The gross profit margin may fluctuate based on various factors, including vendor incentive and inventory price protection programs, cooperative advertising funds classified as a reduction of cost of sales, product mix, net service contract revenue, commission revenue, pricing strategies, market conditions and other factors, any of which could result in changes in gross profit margins.
Selling and administrative expenses
Selling and administrative expenses decreased $10.6 million, or 0.9%, to $1,110.3 million in 2014, compared to $1,120.9 million in 2013. The overall decrease was largely driven by the absence of $74.3 million in costs incurred during 2013 related to the completion of our IPO. This decrease was partially offset by an increase of $31.4 million, or 14.3%, of certain coworker costs between years which was primarily due to higher compensation consistent with increased coworker count and attainment-based compensation accruals tied to annual performance. Total coworker count was 7,211, up 244 from 6,967 at December 31, 2013. In addition, sales payroll, including sales commissions and other variable compensation costs, increased $18.6 million, or 3.9% between years, consistent with higher sales and gross profit. Further offsetting the decrease in selling and administrative expenses was an increase in long-term compensation expense and equity compensation expense of $7.2 million during 2014.
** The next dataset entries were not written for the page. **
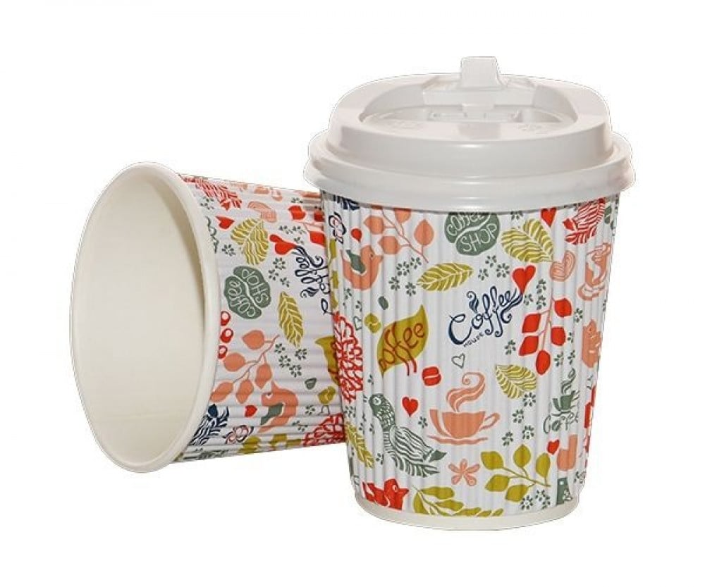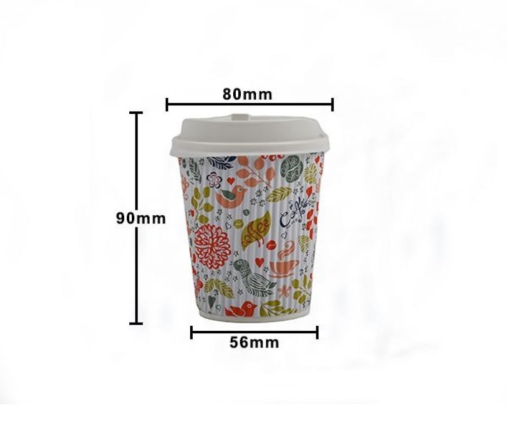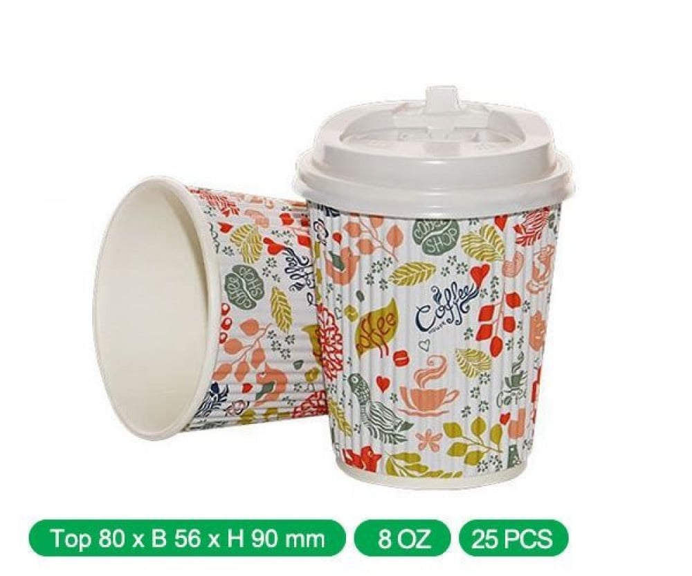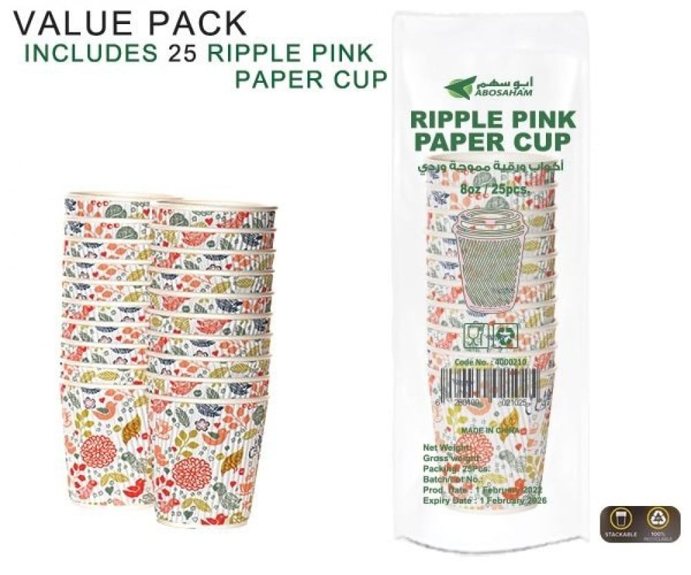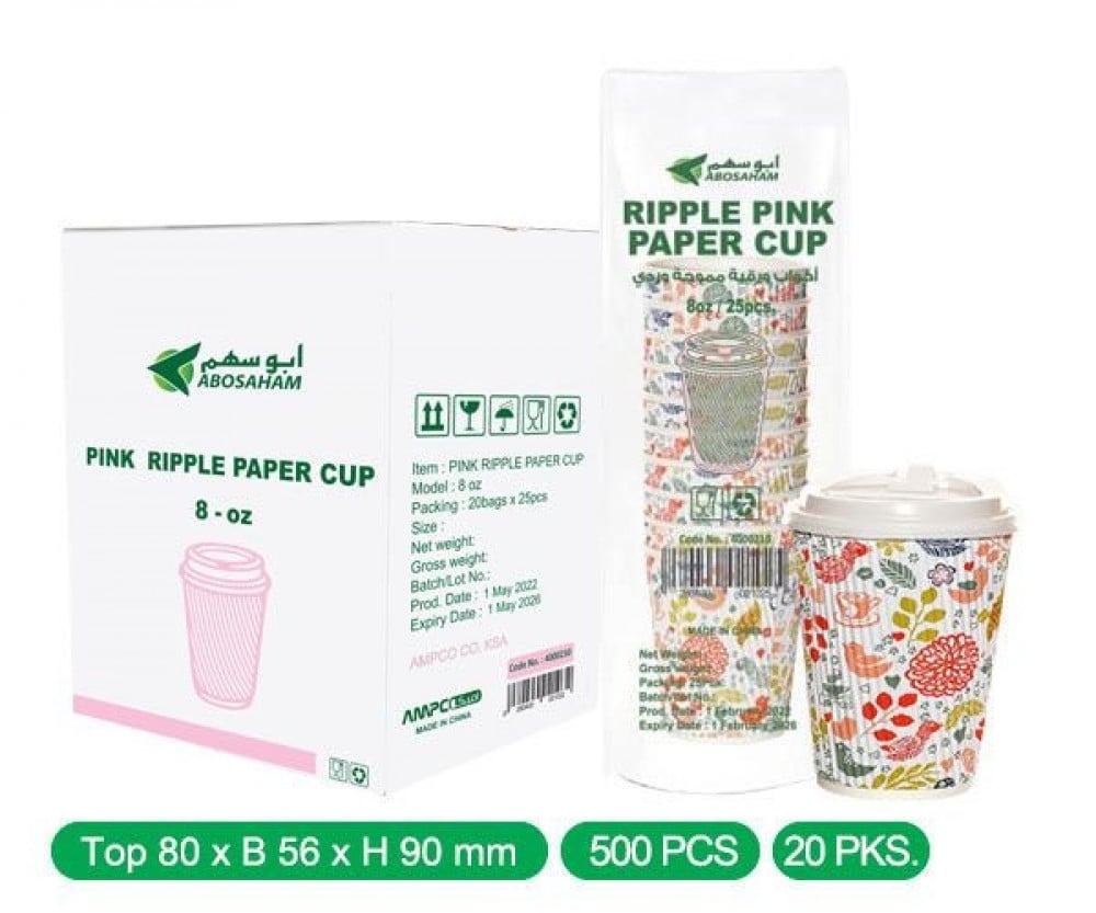 كاسات كابتشينو 8 اونص مموج وردي مع الغطاء كرتون شد 500 كوب | 25 ربطة * 25 حبة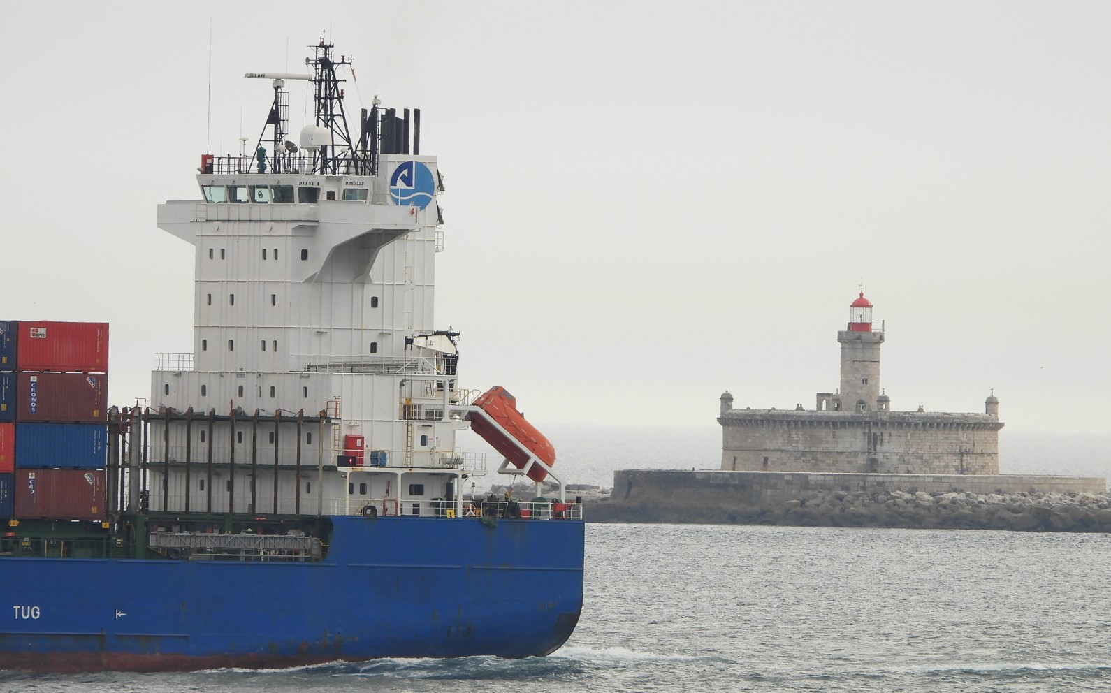 O porta contentores Diane A, entrando a barra do rio Tejo, vindo do porto de Leixões em mais uma viagem que o levará até às ilhas de Cabo Verde, com escala nas ilhas Canárias.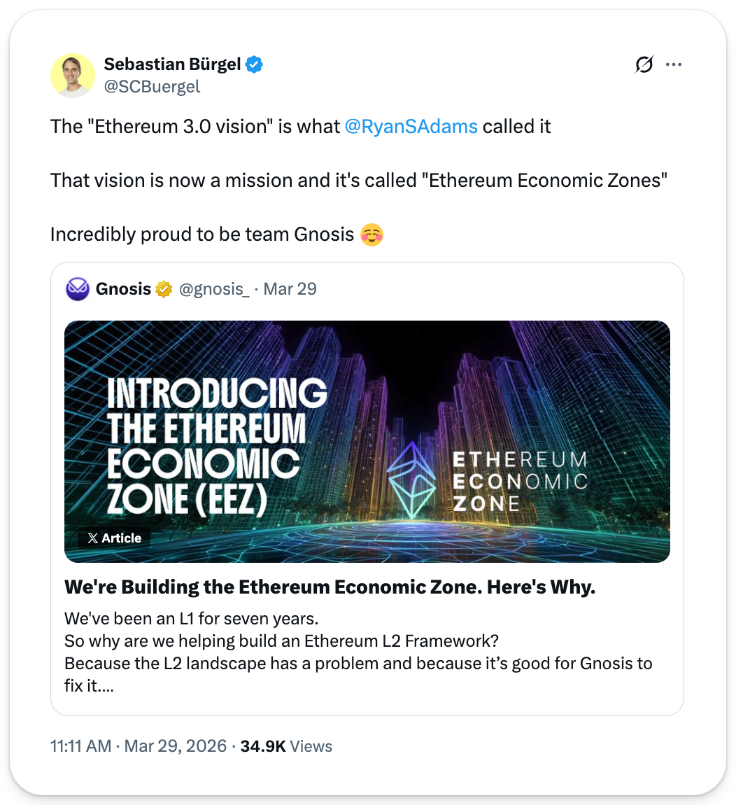 📸 Daily Market Snapshot: It was a mixed day for markets as investors held their breath on Trump's threatened ground invasion in Iran. Meanwhile, oil futures spiked 5% today -- up 47% this month. | Prices as of 5pm ET | 24hr | 7d | | Crypto $2.31T | ↗ 0.6% | ↘ 5.7% | | BTC $66,789 | ↗ 0.3% | ↘ 5.8% | | ETH $2,040 | ↗ 1.8% | ↘ 5.5% | . . . ANALYSIS What's the Ethereum Economic Zone? This year's EthCC event in Cannes has fielded its first major announcement: the Ethereum Economic Zone. Led by the Gnosis and ZisK teams and with funding from the Ethereum Foundation, this new effort is aimed at ending fragmentation in the Ethereum ecosystem for good, so let's dig into what's being proposed. How We Got HereL2s were meant to extend Ethereum blockspace, and they have. Alongside this expansion, L2s have seen fragmented liquidity. Your coins on Arbitrum or Base or Polygon can't readily interact with contracts on the L1 or other L2s without being bridged over, which costs money and time. Of course, this isn't some new diagnosis. At Devcon SEA in late 2024, Gnosis co-founder Martin Köppelmann gave a talk called "Ethereum Needs Native L2," highlighting the range of trust assumptions that hamper interoperability among L2s. In response, he called for ZK-proven rollups that can synchronously read and write across each other and Ethereum. At the time, our very own Ryan Sean Adams hailed this concept as the "Ethereum 3.0 vision." Now, the Ethereum Economic Zone project is officially taking up the mantle of this vision and preparing to bring it to fruition. And while, to be sure, Köppelmann was calling for Ethereum-native rollups literally, the EEZ approach is downstream of his 2024 diagnosis and is aimed at actualizing a broader and more permissionless approach. EEZ rollups can be native and based, or external and not based; it will just depend on their architectural choices. Who's Building the EEZGnosis is the quiet development juggernaut that has created iconic onchain infra like CoW Protocol, Safe multisigs, the Zodiac DAO architecture, the Conditional Tokens format underpinning Polymarket predictions, Gnosis Chain, Gnosis Pay, etc. On the ZK side, ZisK, spearheaded by Jordi Baylina, has innovated an efficient and open-source zkVM design that can bring real-time proving to the execution of Ethereum ecosystem smart contracts. Importantly, though, neither Gnosis nor ZisK or any other entity "owns" the EEZ stack; the Ethereum Foundation is funding this initiative "as shared Ethereum infrastructure that is credibly neutral," and its results will be free and open source for all. How the EEZ Will WorkSimply put, the Ethereum Economic Zone is an L1-L2 framework centered around synchronous composability, i.e. real-time interoperability. In other words, rollups plugged into the EEZ will be able to call contracts on the L1 or other L2s and receive a response in a single transaction. This will power atomic executions across chains so that it will feel like you're just using a single chain. In this sense, contracts on EEZ chains will work as if they did in fact live on the same chain. Transactions will complete atomically across the relevant networks, or not fire at all in the case of some error. From Baylina's previous research, we can infer the anchors here will be proxy smart contracts, i.e. when a contract deployed on one chain represents a contract living on another chain. If you're on Ethereum you'd just call a proxy – the proxy would handle the transaction and apply the state changes to the given L2, and voila. And perhaps most notably, this "single chain UX, multichain results" shift can and will be implemented without Ethereum having to make any protocol-level changes, as the EEZ will depend on smart contracts + real-time ZK proving. All that said, the main tradeoff L2s will have to accept in opting into this EEZ system is having to re-org when Ethereum re-orgs, as Martin Köppelmann has noted. That would be a technical thorn but hardly some major pain point. Rollups running their own sequencers would need to accommodate this coupling, which is certainly possible. Why It MattersImagine an Aave position on Ethereum interacting with a Uniswap pool on Unichain (or a Morpho vault on Base, or a Fluid vault on Arbitrum, etc.) in a single transaction without bridging. That's the future that the EEZ project is working to usher in. And while there are still some hardware and proving strides to be made before this vision fully matures, we're on the verge of the needed breakthroughs. The payoff should be more consolidation and dominance for Ethereum. As RSA put it: "If Ethereum pulls this off—if it unites its chains into an integrated economic zone—while shipping quantum upgrades and L1 scaling of Lean Ethereum in parallel...
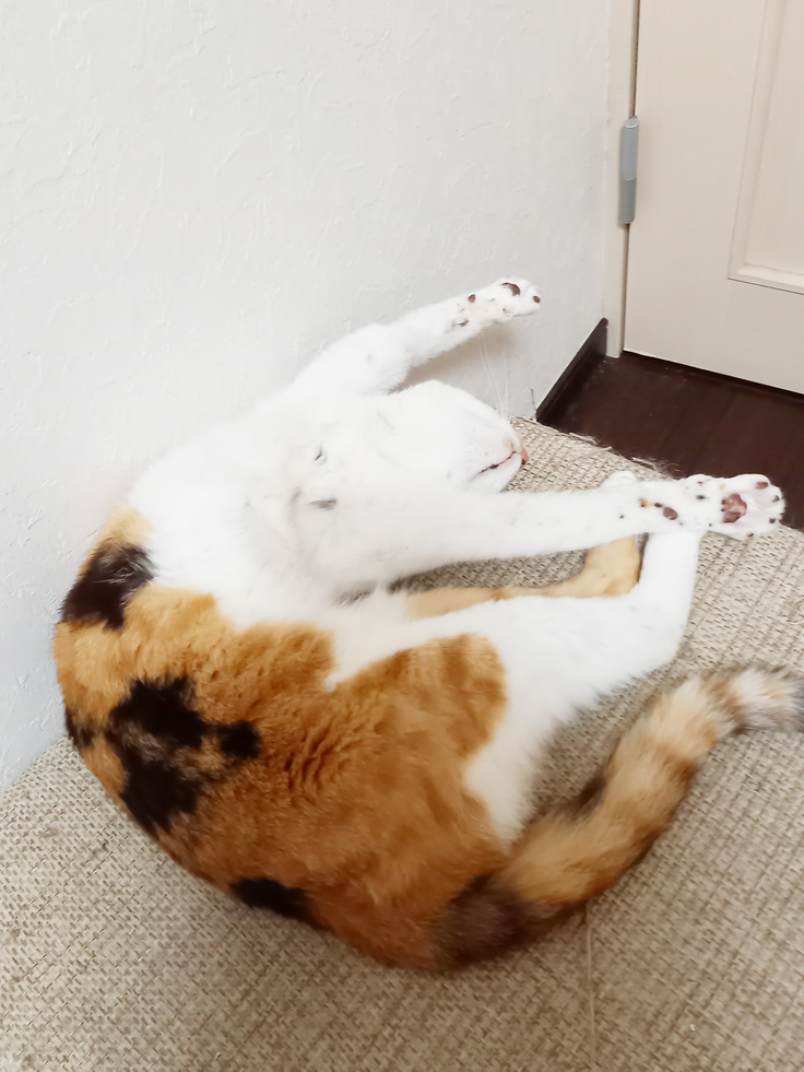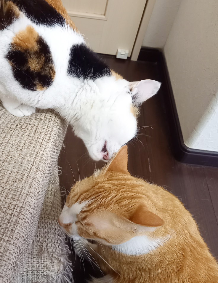 最後に今日の市です。ヘソ天で腕をぐーんとしてる所と、年下猫にグルーミングしてあげてる所です。

As a percentage of total net sales, selling and administrative expenses decreased 120 basis points to 9.2% in 2014, down from 10.4% in 2013. The decrease in selling and administrative expenses as a percentage of net sales was largely driven by a decline of 70 basis points in costs related to the IPO in 2013. Sales payroll as a percentage of net sales also decreased 30 basis points during 2014 reflecting the lower cost to serve transactional sales compared to solutions-focused sales, consistent with our variable compensation cost structure.
Advertising expense
Advertising expense increased $7.2 million, or 5.5%, to $138.0 million in 2014, compared to $130.8 million in 2013. As a percentage of net sales, advertising expense remained relatively consistent at 1.1% in 2014, compared to 1.2% in 2013. The dollar increase in advertising expense was due to a continued focus on advertising our solutions and products, which reinforces our reputation as a leading IT solutions provider.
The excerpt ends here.